*What you should do:* For this exercise, please transcribe exactly and only the lines from the one containing "Nike Air Max CB34 Sneaker" through the end of the material, both ends included, without pictures.

*Given data:*

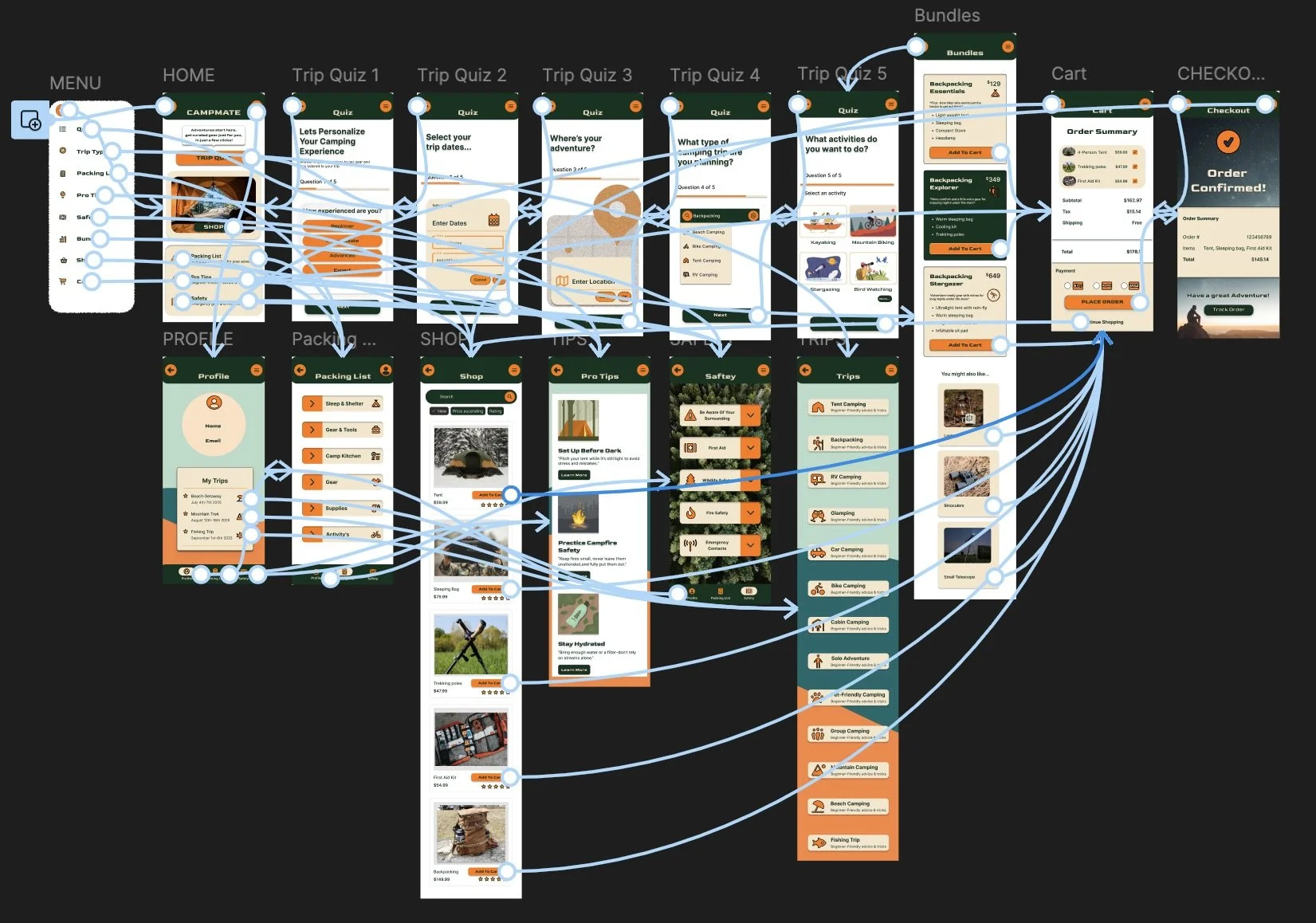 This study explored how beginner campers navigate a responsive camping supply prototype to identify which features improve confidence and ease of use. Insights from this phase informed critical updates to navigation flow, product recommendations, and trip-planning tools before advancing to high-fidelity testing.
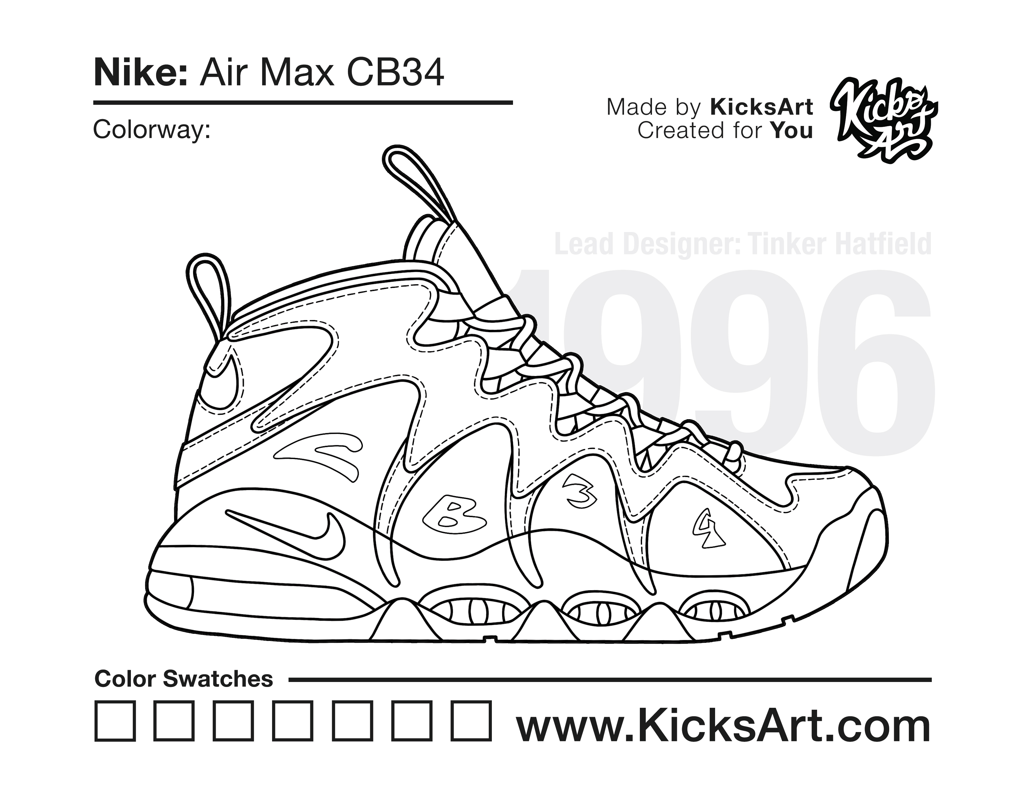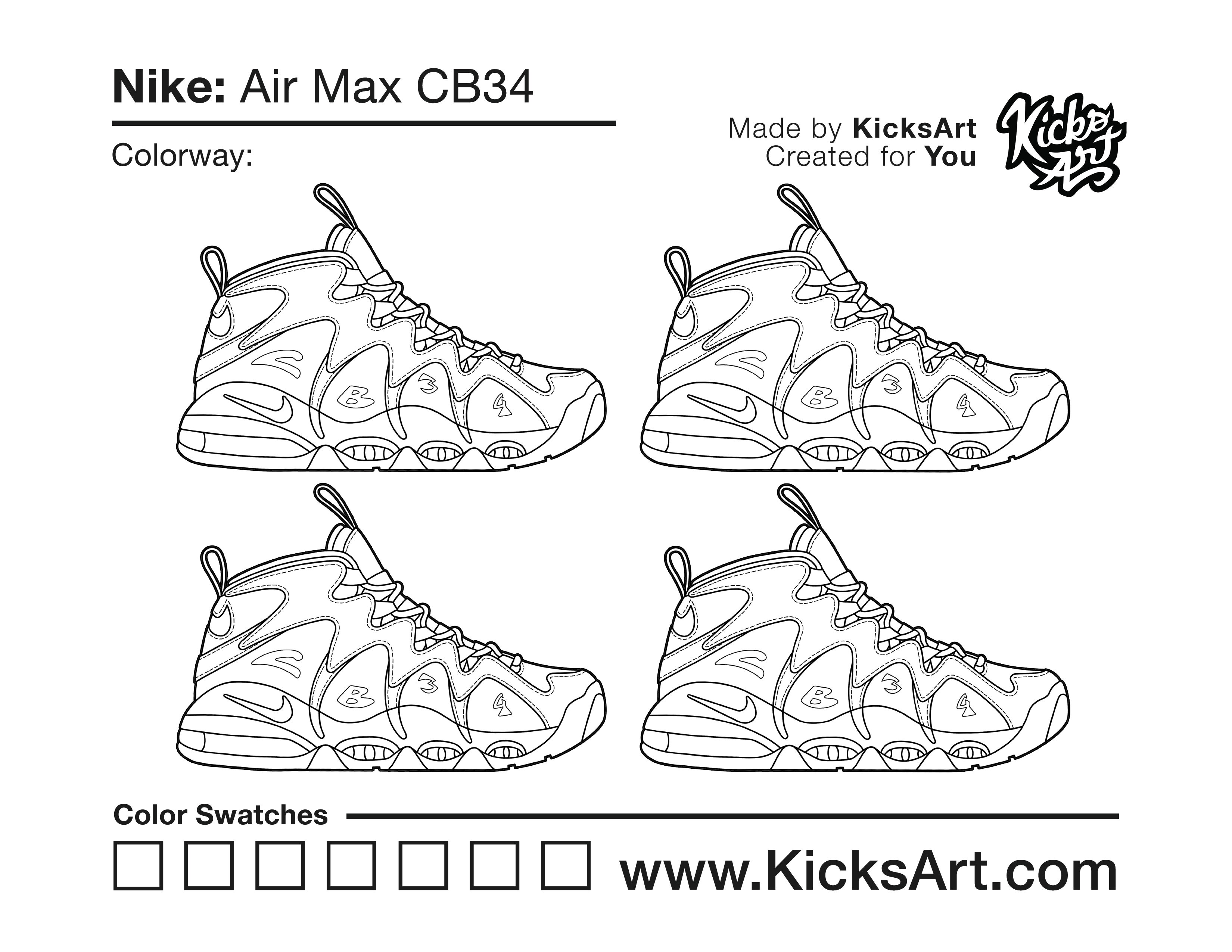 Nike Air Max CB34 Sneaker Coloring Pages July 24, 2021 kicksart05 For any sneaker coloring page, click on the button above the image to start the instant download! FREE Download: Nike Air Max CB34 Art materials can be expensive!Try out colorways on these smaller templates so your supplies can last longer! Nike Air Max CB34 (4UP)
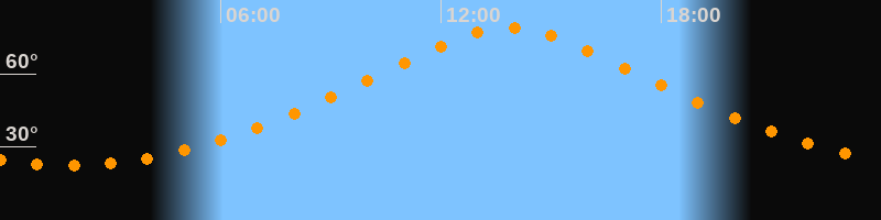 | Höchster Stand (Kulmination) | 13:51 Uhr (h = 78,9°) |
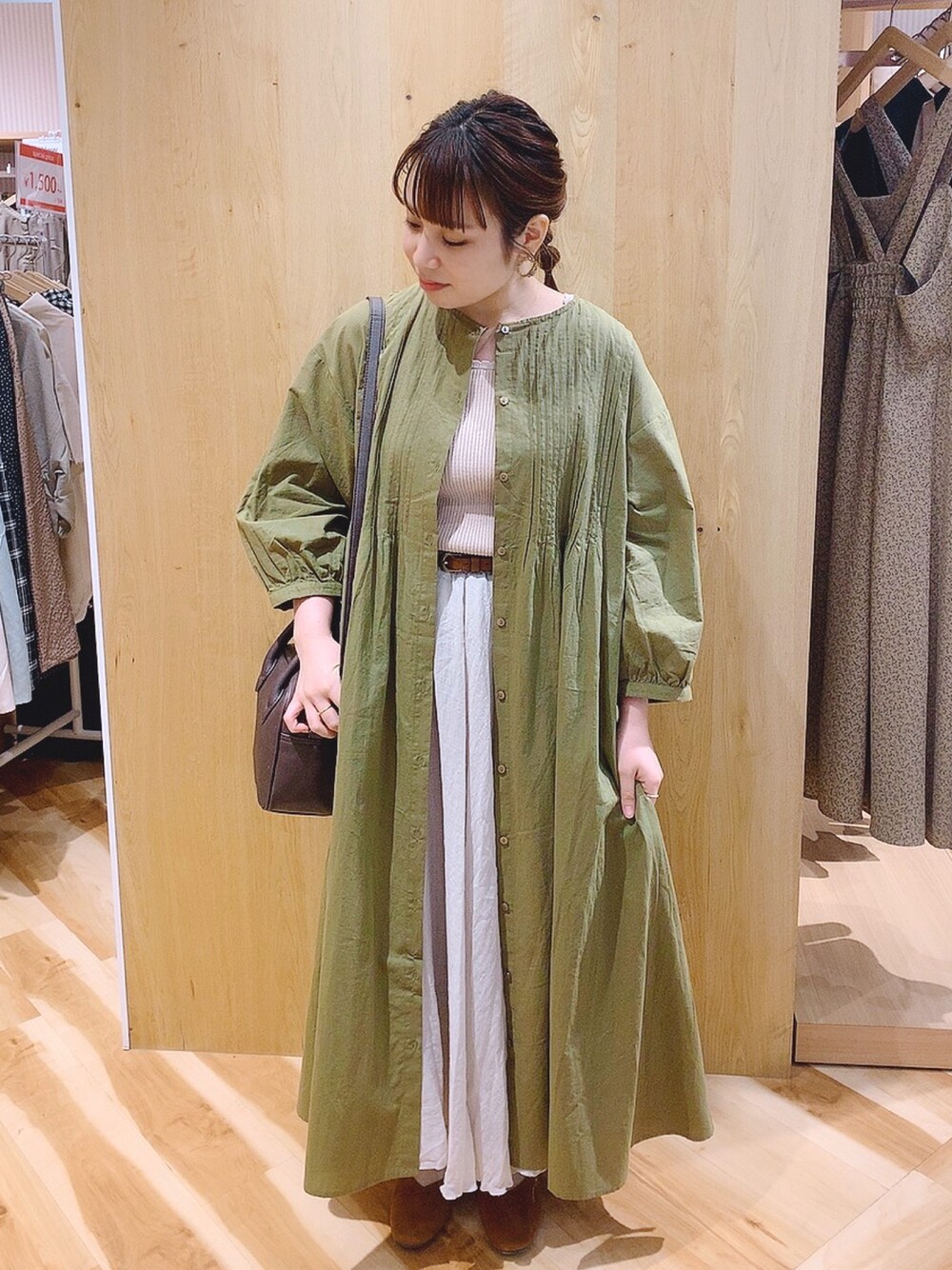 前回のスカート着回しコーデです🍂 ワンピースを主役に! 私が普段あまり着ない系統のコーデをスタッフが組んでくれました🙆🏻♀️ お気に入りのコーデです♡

*Output for this exercise:*
 Nike Air Max CB34 Sneaker Coloring Pages July 24, 2021 kicksart05 For any sneaker coloring page, click on the button above the image to start the instant download! FREE Download: Nike Air Max CB34 Art materials can be expensive!Try out colorways on these smaller templates so your supplies can last longer! Nike Air Max CB34 (4UP)
 | Höchster Stand (Kulmination) | 13:51 Uhr (h = 78,9°) |
 前回のスカート着回しコーデです🍂 ワンピースを主役に! 私が普段あまり着ない系統のコーデをスタッフが組んでくれました🙆🏻♀️ お気に入りのコーデです♡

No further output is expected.